### [Data listing]
__________
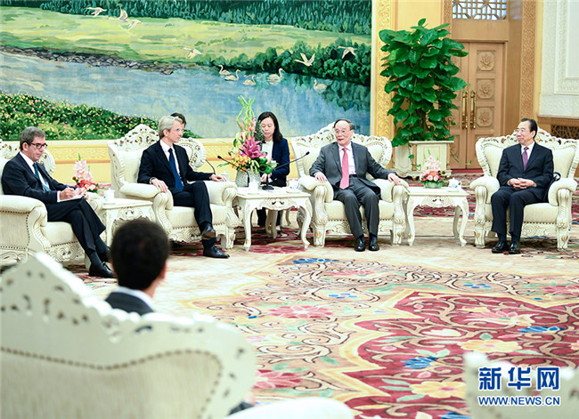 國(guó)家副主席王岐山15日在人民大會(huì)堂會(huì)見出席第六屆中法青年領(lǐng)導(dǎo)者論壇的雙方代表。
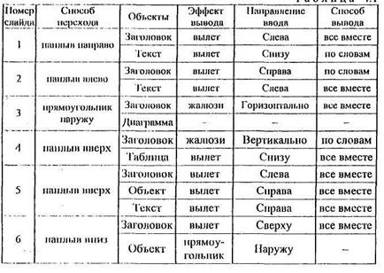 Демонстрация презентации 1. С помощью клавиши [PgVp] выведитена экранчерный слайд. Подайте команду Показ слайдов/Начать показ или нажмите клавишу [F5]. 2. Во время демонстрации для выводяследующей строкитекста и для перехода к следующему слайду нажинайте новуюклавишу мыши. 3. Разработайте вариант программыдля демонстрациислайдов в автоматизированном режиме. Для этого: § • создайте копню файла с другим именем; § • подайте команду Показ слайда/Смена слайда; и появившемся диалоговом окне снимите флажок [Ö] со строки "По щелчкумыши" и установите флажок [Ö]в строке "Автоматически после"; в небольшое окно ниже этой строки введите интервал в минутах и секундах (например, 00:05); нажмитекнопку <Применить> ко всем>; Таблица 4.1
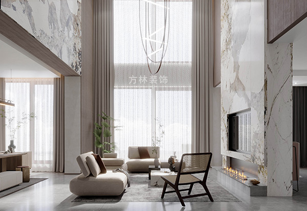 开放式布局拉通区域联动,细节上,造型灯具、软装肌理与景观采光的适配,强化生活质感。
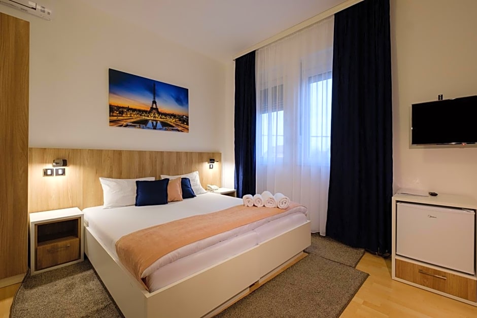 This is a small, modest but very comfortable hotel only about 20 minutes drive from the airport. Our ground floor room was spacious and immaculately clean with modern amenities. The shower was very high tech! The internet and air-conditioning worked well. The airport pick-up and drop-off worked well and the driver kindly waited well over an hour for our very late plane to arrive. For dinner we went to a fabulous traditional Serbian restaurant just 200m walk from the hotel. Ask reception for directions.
__________
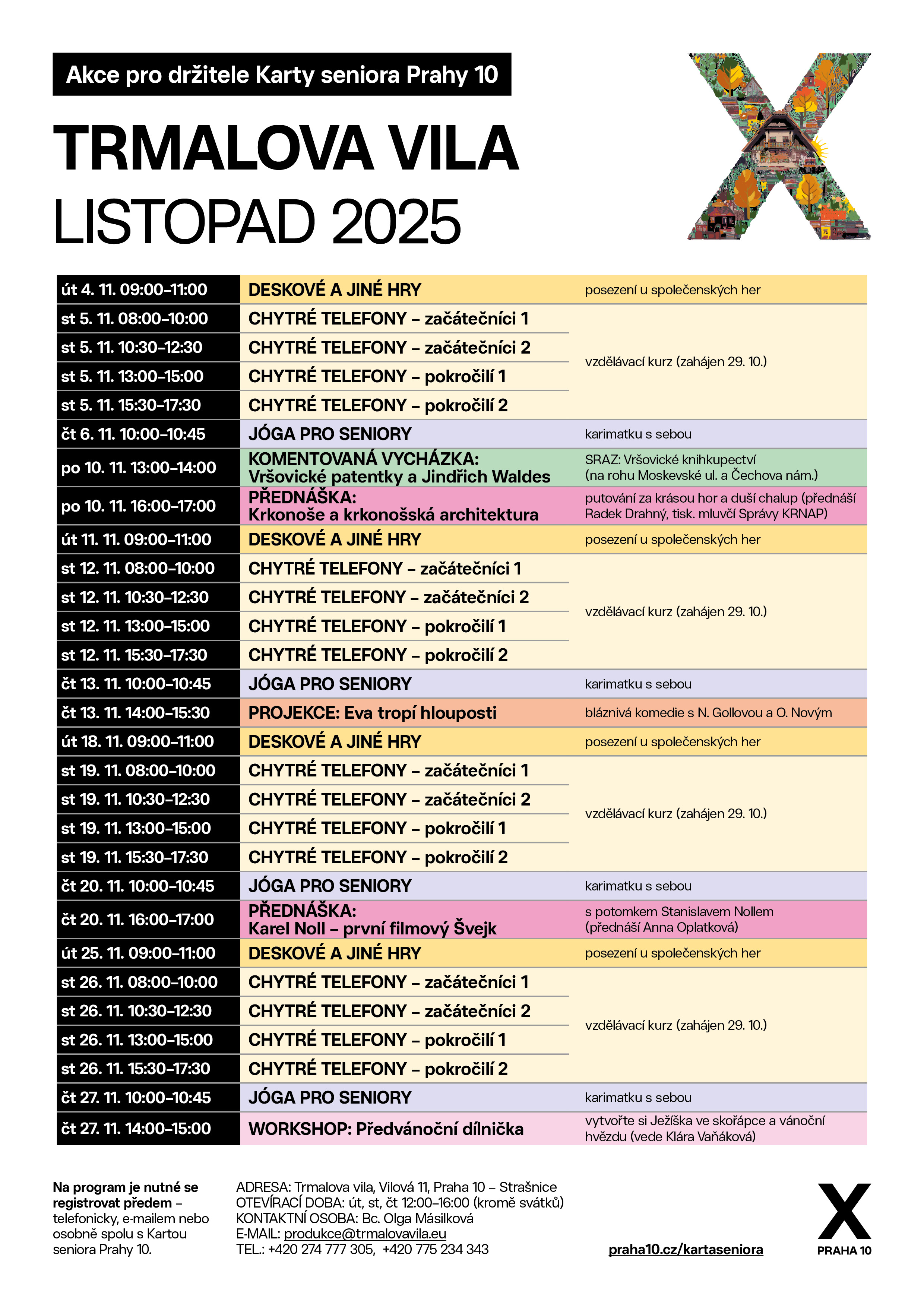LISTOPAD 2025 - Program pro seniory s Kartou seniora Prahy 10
__________
### [Task directions]
Once the line with "國(guó)家副主席王岐山1" is found in the data above, reproduce it and each line after it exactly, through the line with "This is a small, modest". Omit the pictures.

### [Solution to the problem]
 國(guó)家副主席王岐山15日在人民大會(huì)堂會(huì)見出席第六屆中法青年領(lǐng)導(dǎo)者論壇的雙方代表。
 Демонстрация презентации 1. С помощью клавиши [PgVp] выведитена экранчерный слайд. Подайте команду Показ слайдов/Начать показ или нажмите клавишу [F5]. 2. Во время демонстрации для выводяследующей строкитекста и для перехода к следующему слайду нажинайте новуюклавишу мыши. 3. Разработайте вариант программыдля демонстрациислайдов в автоматизированном режиме. Для этого: § • создайте копню файла с другим именем; § • подайте команду Показ слайда/Смена слайда; и появившемся диалоговом окне снимите флажок [Ö] со строки "По щелчкумыши" и установите флажок [Ö]в строке "Автоматически после"; в небольшое окно ниже этой строки введите интервал в минутах и секундах (например, 00:05); нажмитекнопку <Применить> ко всем>; Таблица 4.1
 开放式布局拉通区域联动,细节上,造型灯具、软装肌理与景观采光的适配,强化生活质感。
 This is a small, modest but very comfortable hotel only about 20 minutes drive from the airport. Our ground floor room was spacious and immaculately clean with modern amenities. The shower was very high tech! The internet and air-conditioning worked well. The airport pick-up and drop-off worked well and the driver kindly waited well over an hour for our very late plane to arrive. For dinner we went to a fabulous traditional Serbian restaurant just 200m walk from the hotel. Ask reception for directions.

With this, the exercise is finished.